==== EXCERPTED DATA ====
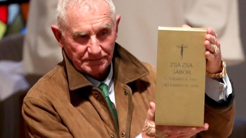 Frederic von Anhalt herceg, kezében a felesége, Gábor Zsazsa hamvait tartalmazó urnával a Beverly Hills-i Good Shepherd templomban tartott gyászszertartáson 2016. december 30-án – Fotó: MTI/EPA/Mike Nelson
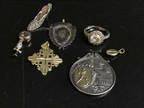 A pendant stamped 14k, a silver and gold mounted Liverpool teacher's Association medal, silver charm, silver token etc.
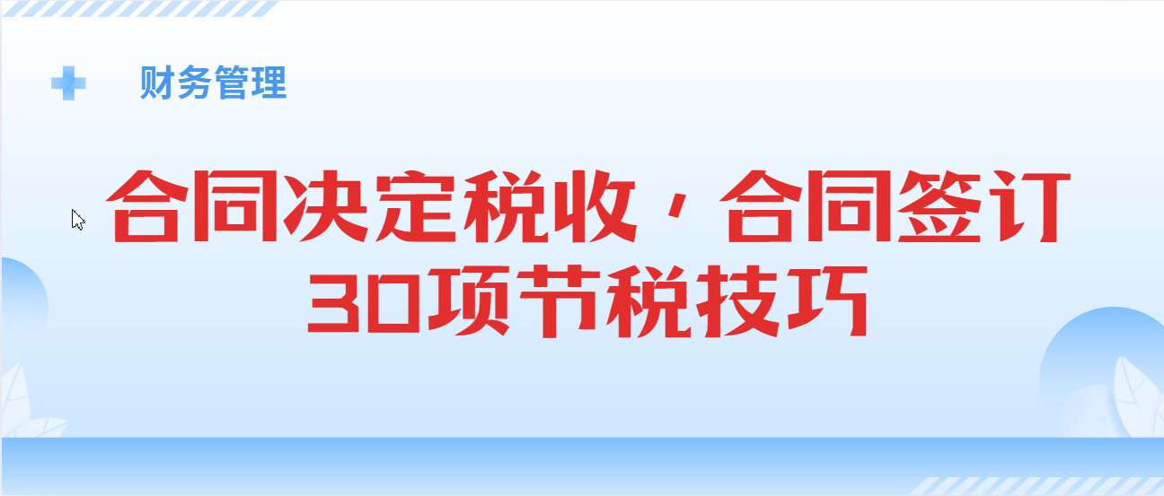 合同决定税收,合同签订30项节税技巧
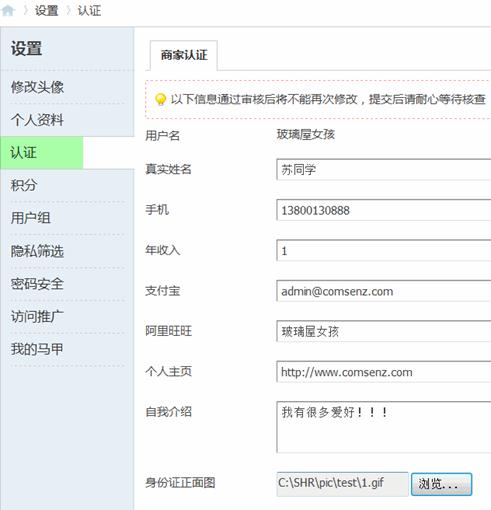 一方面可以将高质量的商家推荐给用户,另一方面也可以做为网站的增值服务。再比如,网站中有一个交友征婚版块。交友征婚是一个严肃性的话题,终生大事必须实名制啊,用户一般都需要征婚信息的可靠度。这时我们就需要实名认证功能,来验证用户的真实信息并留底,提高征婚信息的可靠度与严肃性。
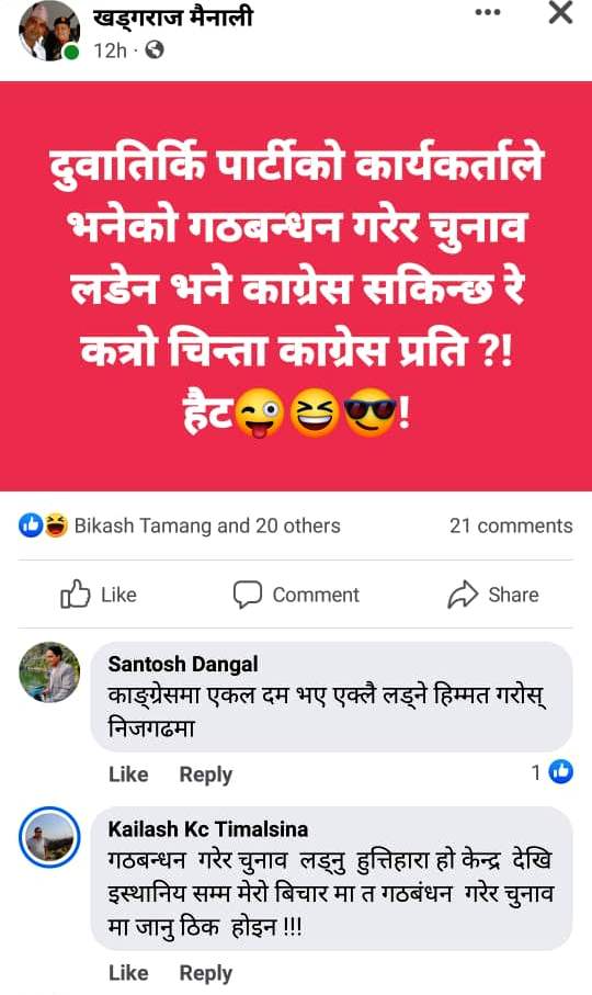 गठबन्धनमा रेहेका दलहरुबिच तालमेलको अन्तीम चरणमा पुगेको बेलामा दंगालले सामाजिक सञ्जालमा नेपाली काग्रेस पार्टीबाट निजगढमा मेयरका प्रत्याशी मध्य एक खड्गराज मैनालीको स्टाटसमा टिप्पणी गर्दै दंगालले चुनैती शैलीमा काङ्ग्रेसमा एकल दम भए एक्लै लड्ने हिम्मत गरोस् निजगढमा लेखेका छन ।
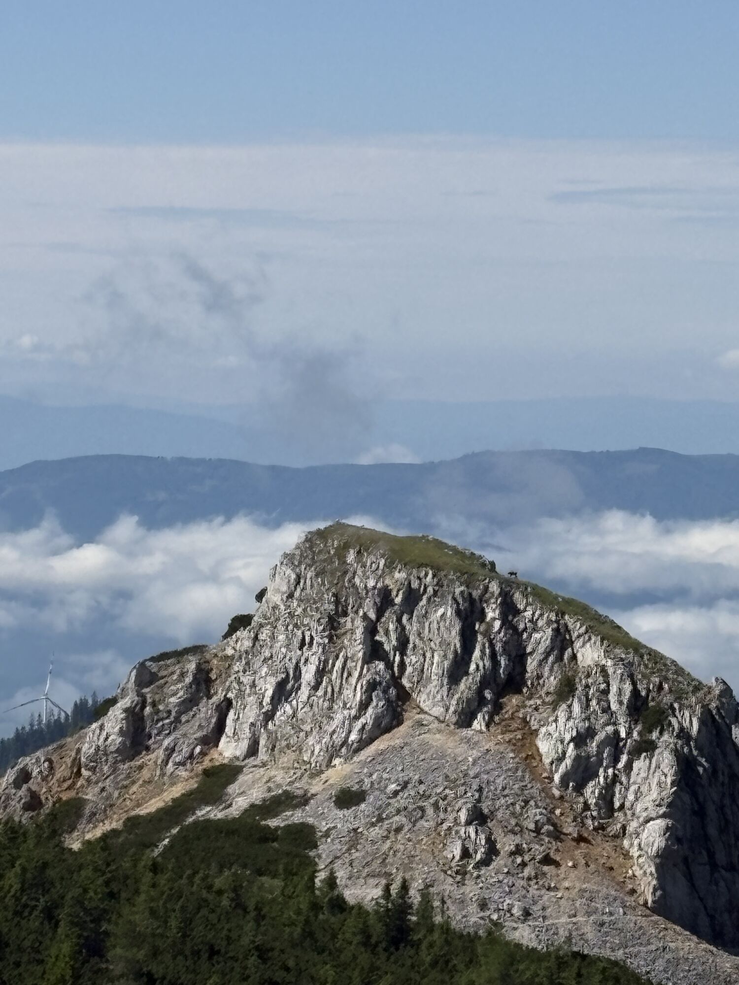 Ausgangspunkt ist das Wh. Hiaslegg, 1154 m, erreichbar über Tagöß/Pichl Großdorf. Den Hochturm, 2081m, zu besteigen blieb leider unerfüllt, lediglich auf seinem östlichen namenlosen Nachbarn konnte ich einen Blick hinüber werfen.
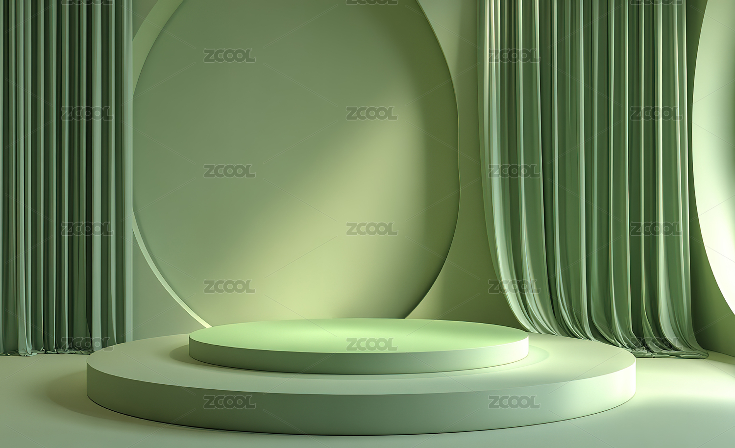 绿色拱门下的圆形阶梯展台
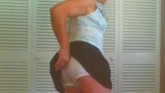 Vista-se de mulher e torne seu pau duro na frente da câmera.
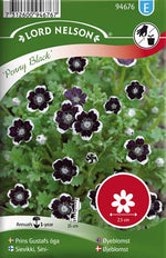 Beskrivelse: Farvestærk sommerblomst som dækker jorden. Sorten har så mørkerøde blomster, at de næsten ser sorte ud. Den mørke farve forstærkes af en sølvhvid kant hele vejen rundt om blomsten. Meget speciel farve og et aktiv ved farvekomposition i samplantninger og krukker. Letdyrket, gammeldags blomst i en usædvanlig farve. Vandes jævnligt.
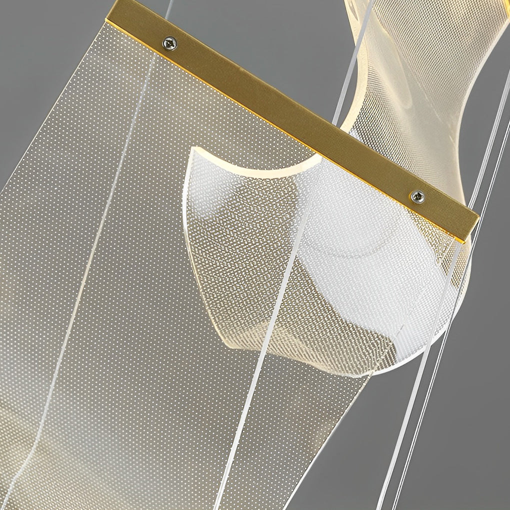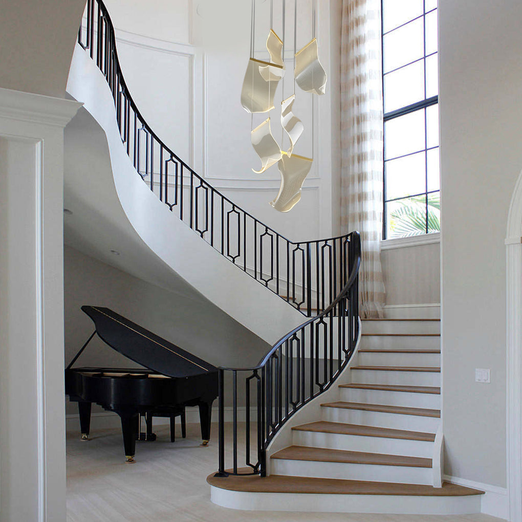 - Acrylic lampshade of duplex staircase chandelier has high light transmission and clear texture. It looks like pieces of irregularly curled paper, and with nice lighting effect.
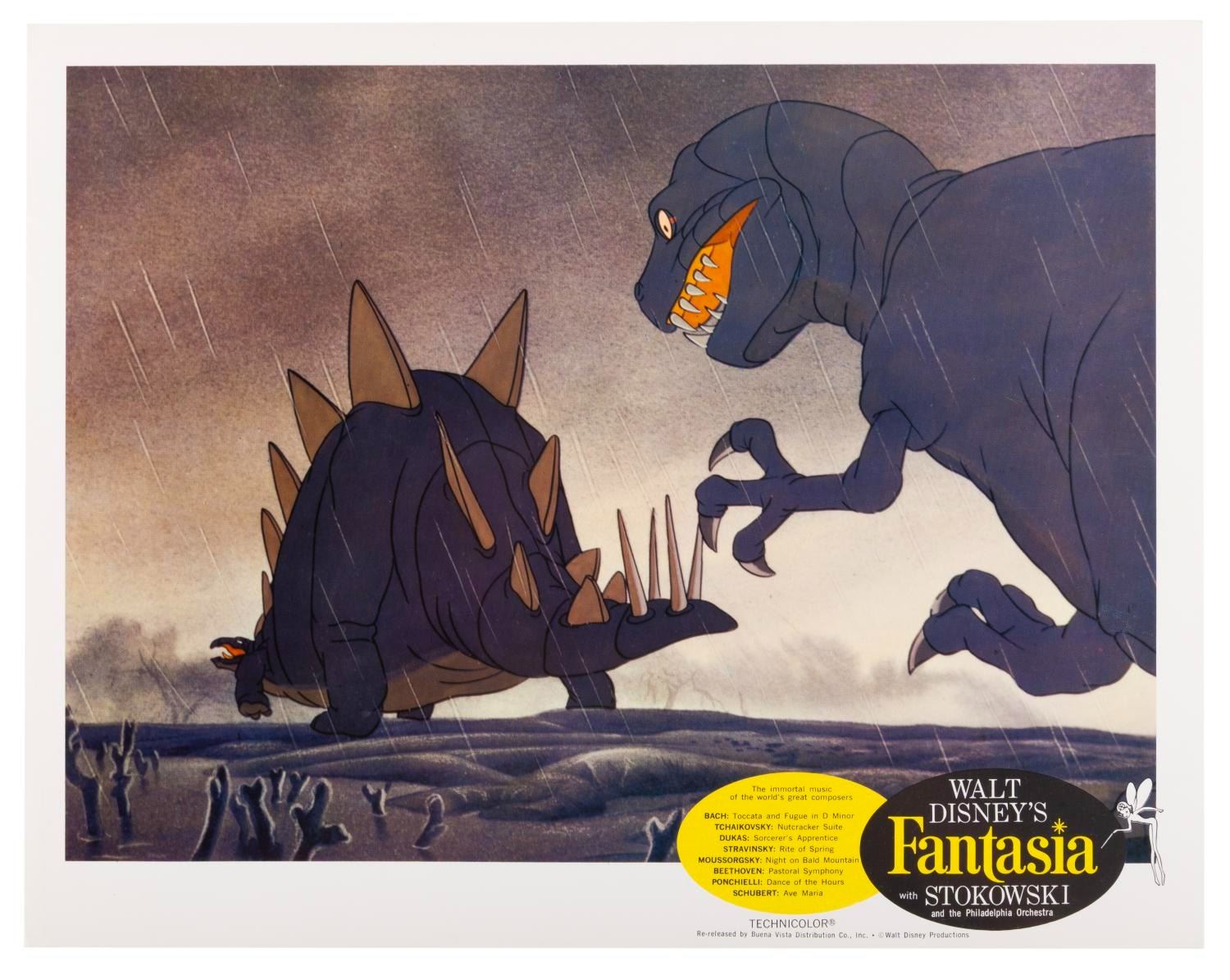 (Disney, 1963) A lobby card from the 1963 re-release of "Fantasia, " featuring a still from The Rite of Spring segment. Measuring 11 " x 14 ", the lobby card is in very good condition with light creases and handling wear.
====
• _YOUR ASSIGNMENT_
Without the pictures, return the records above exactly as given.

• _SOLUTION TO THIS EXERCISE_
 Frederic von Anhalt herceg, kezében a felesége, Gábor Zsazsa hamvait tartalmazó urnával a Beverly Hills-i Good Shepherd templomban tartott gyászszertartáson 2016. december 30-án – Fotó: MTI/EPA/Mike Nelson
 A pendant stamped 14k, a silver and gold mounted Liverpool teacher's Association medal, silver charm, silver token etc.
 合同决定税收,合同签订30项节税技巧
 一方面可以将高质量的商家推荐给用户,另一方面也可以做为网站的增值服务。再比如,网站中有一个交友征婚版块。交友征婚是一个严肃性的话题,终生大事必须实名制啊,用户一般都需要征婚信息的可靠度。这时我们就需要实名认证功能,来验证用户的真实信息并留底,提高征婚信息的可靠度与严肃性。
 गठबन्धनमा रेहेका दलहरुबिच तालमेलको अन्तीम चरणमा पुगेको बेलामा दंगालले सामाजिक सञ्जालमा नेपाली काग्रेस पार्टीबाट निजगढमा मेयरका प्रत्याशी मध्य एक खड्गराज मैनालीको स्टाटसमा टिप्पणी गर्दै दंगालले चुनैती शैलीमा काङ्ग्रेसमा एकल दम भए एक्लै लड्ने हिम्मत गरोस् निजगढमा लेखेका छन ।
 Ausgangspunkt ist das Wh. Hiaslegg, 1154 m, erreichbar über Tagöß/Pichl Großdorf. Den Hochturm, 2081m, zu besteigen blieb leider unerfüllt, lediglich auf seinem östlichen namenlosen Nachbarn konnte ich einen Blick hinüber werfen.
 绿色拱门下的圆形阶梯展台
 Vista-se de mulher e torne seu pau duro na frente da câmera.
 Beskrivelse: Farvestærk sommerblomst som dækker jorden. Sorten har så mørkerøde blomster, at de næsten ser sorte ud. Den mørke farve forstærkes af en sølvhvid kant hele vejen rundt om blomsten. Meget speciel farve og et aktiv ved farvekomposition i samplantninger og krukker. Letdyrket, gammeldags blomst i en usædvanlig farve. Vandes jævnligt.
 - Acrylic lampshade of duplex staircase chandelier has high light transmission and clear texture. It looks like pieces of irregularly curled paper, and with nice lighting effect.
 (Disney, 1963) A lobby card from the 1963 re-release of "Fantasia, " featuring a still from The Rite of Spring segment. Measuring 11 " x 14 ", the lobby card is in very good condition with light creases and handling wear.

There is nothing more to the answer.